§ **YOUR OBJECTIVE**
Give all of the listing again word for word, with images excluded.
Top of EXERCISE DATA
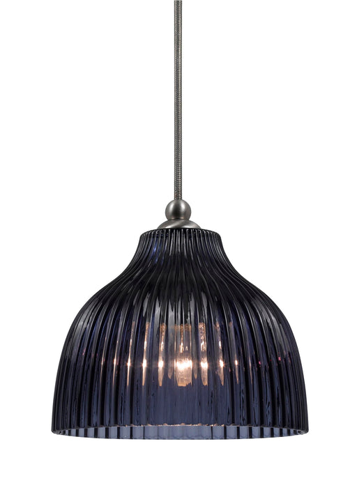 4.7" Height Glass and Metal Pendant With Brushed Steel Cord - Blue Violet
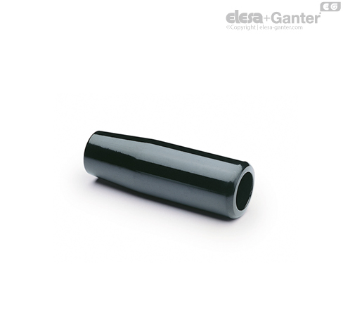 Duroplástico de base fenólica (PF), color negro, acabado brillante.
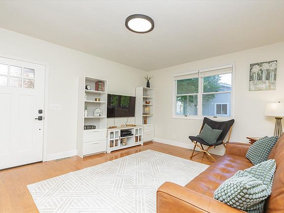 Charming three bedroom/two bath 1500 sq. ft. home in quiet neighborhood. This 1940 historic home retains its original character but with modern amenities like a newly remodeled kitchen with Samsung appliances, renovated bathrooms, and built-in shelving. Enjoy the quaint beautifully landscaped backyard with PVC picketed fence and covered porch perfect for outdoor gatherings and relaxation. Includes an oversized detached two-car garage with a large gravel drive with raised garden beds. All information to be verified.
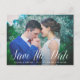 An elegant wedding save the date postcard designed to accommodate your favourite horizontal or landscape orientated full-bleed engagement photo. "Save the date" appears as a white text overlay in hand lettered calligraphy script. Personalise with your names, wedding date and wedding location beneath.
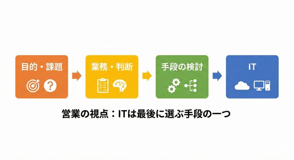 これができると、ITの話が「売り込み」ではなく相談に変わります。
Bottom of EXERCISE DATA
§ **EXPECTED OUTPUT**
 4.7" Height Glass and Metal Pendant With Brushed Steel Cord - Blue Violet
 Duroplástico de base fenólica (PF), color negro, acabado brillante.
 Charming three bedroom/two bath 1500 sq. ft. home in quiet neighborhood. This 1940 historic home retains its original character but with modern amenities like a newly remodeled kitchen with Samsung appliances, renovated bathrooms, and built-in shelving. Enjoy the quaint beautifully landscaped backyard with PVC picketed fence and covered porch perfect for outdoor gatherings and relaxation. Includes an oversized detached two-car garage with a large gravel drive with raised garden beds. All information to be verified.
 An elegant wedding save the date postcard designed to accommodate your favourite horizontal or landscape orientated full-bleed engagement photo. "Save the date" appears as a white text overlay in hand lettered calligraphy script. Personalise with your names, wedding date and wedding location beneath.
 これができると、ITの話が「売り込み」ではなく相談に変わります。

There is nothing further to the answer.